(Saved entries)
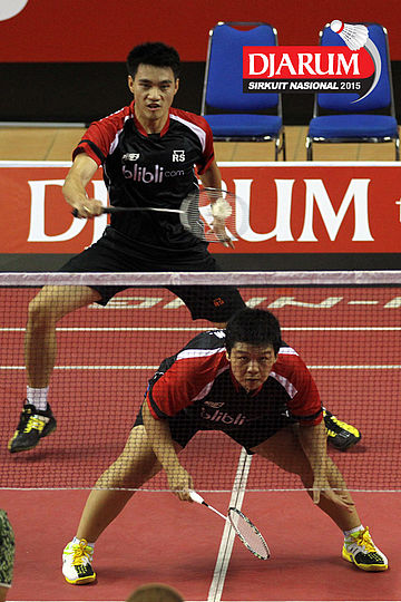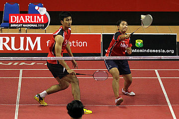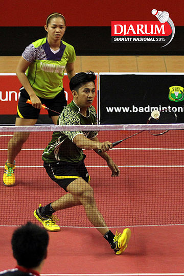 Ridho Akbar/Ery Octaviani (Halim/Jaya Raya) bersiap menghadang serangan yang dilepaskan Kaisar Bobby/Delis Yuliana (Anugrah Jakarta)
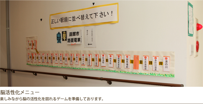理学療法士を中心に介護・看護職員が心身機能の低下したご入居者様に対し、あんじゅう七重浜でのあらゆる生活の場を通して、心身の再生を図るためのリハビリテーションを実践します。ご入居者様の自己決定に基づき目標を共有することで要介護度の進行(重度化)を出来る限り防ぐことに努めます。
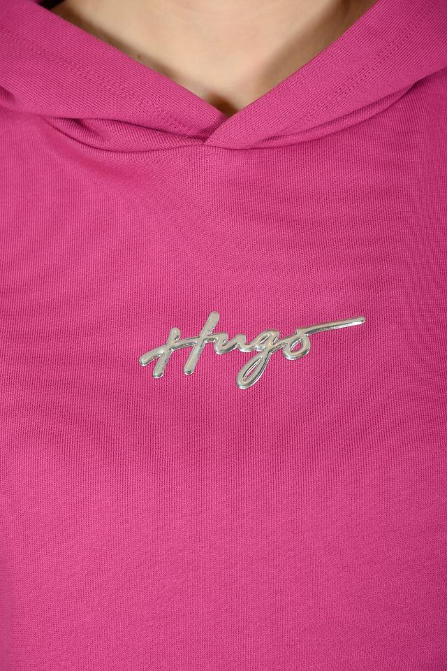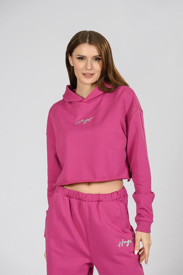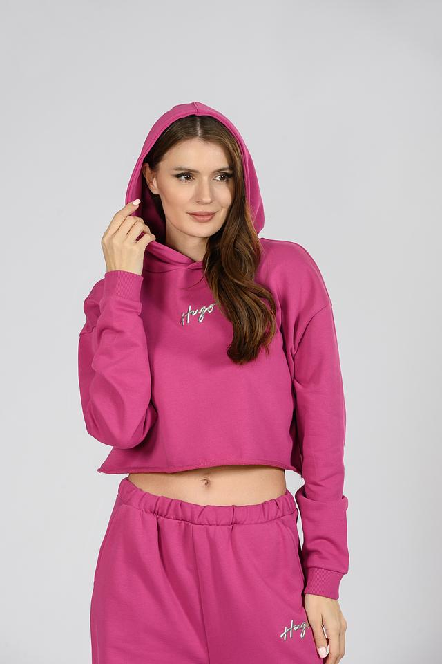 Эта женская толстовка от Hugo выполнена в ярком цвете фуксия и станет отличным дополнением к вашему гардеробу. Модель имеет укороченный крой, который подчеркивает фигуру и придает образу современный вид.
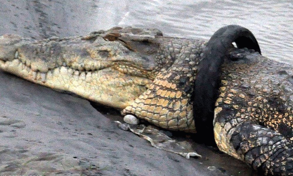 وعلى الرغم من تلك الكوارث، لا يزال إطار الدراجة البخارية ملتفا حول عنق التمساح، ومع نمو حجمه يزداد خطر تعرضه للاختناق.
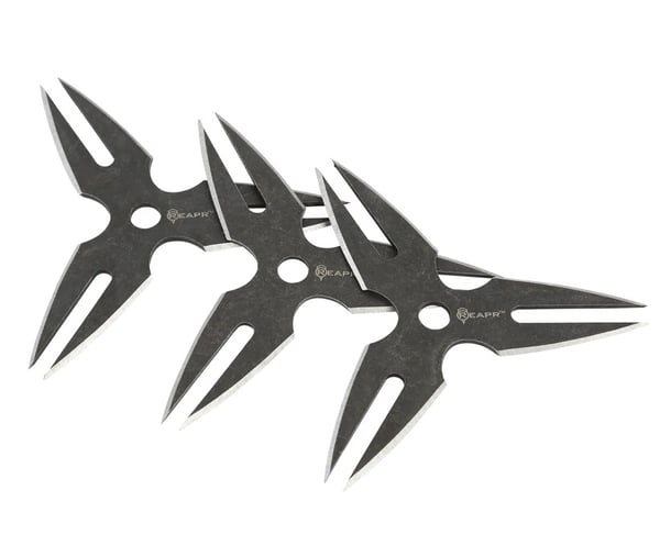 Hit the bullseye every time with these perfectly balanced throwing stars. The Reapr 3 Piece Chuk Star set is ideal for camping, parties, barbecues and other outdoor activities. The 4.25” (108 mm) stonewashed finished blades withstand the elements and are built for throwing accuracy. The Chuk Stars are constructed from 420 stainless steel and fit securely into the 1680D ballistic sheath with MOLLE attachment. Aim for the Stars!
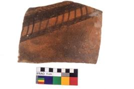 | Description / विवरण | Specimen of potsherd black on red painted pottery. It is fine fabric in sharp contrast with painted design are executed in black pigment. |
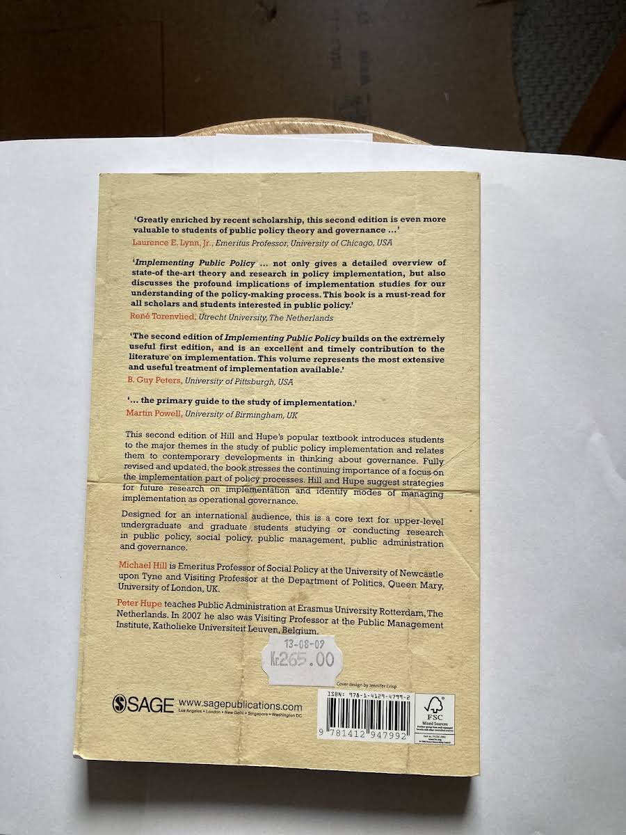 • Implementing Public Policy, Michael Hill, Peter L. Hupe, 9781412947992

## What you have to do:
Your copy should repeat each entry above exactly but contain no pictures.

## Exercise solution:
 Ridho Akbar/Ery Octaviani (Halim/Jaya Raya) bersiap menghadang serangan yang dilepaskan Kaisar Bobby/Delis Yuliana (Anugrah Jakarta)
理学療法士を中心に介護・看護職員が心身機能の低下したご入居者様に対し、あんじゅう七重浜でのあらゆる生活の場を通して、心身の再生を図るためのリハビリテーションを実践します。ご入居者様の自己決定に基づき目標を共有することで要介護度の進行(重度化)を出来る限り防ぐことに努めます。
 Эта женская толстовка от Hugo выполнена в ярком цвете фуксия и станет отличным дополнением к вашему гардеробу. Модель имеет укороченный крой, который подчеркивает фигуру и придает образу современный вид.
 وعلى الرغم من تلك الكوارث، لا يزال إطار الدراجة البخارية ملتفا حول عنق التمساح، ومع نمو حجمه يزداد خطر تعرضه للاختناق.
 Hit the bullseye every time with these perfectly balanced throwing stars. The Reapr 3 Piece Chuk Star set is ideal for camping, parties, barbecues and other outdoor activities. The 4.25” (108 mm) stonewashed finished blades withstand the elements and are built for throwing accuracy. The Chuk Stars are constructed from 420 stainless steel and fit securely into the 1680D ballistic sheath with MOLLE attachment. Aim for the Stars!
 | Description / विवरण | Specimen of potsherd black on red painted pottery. It is fine fabric in sharp contrast with painted design are executed in black pigment. |
 • Implementing Public Policy, Michael Hill, Peter L. Hupe, 9781412947992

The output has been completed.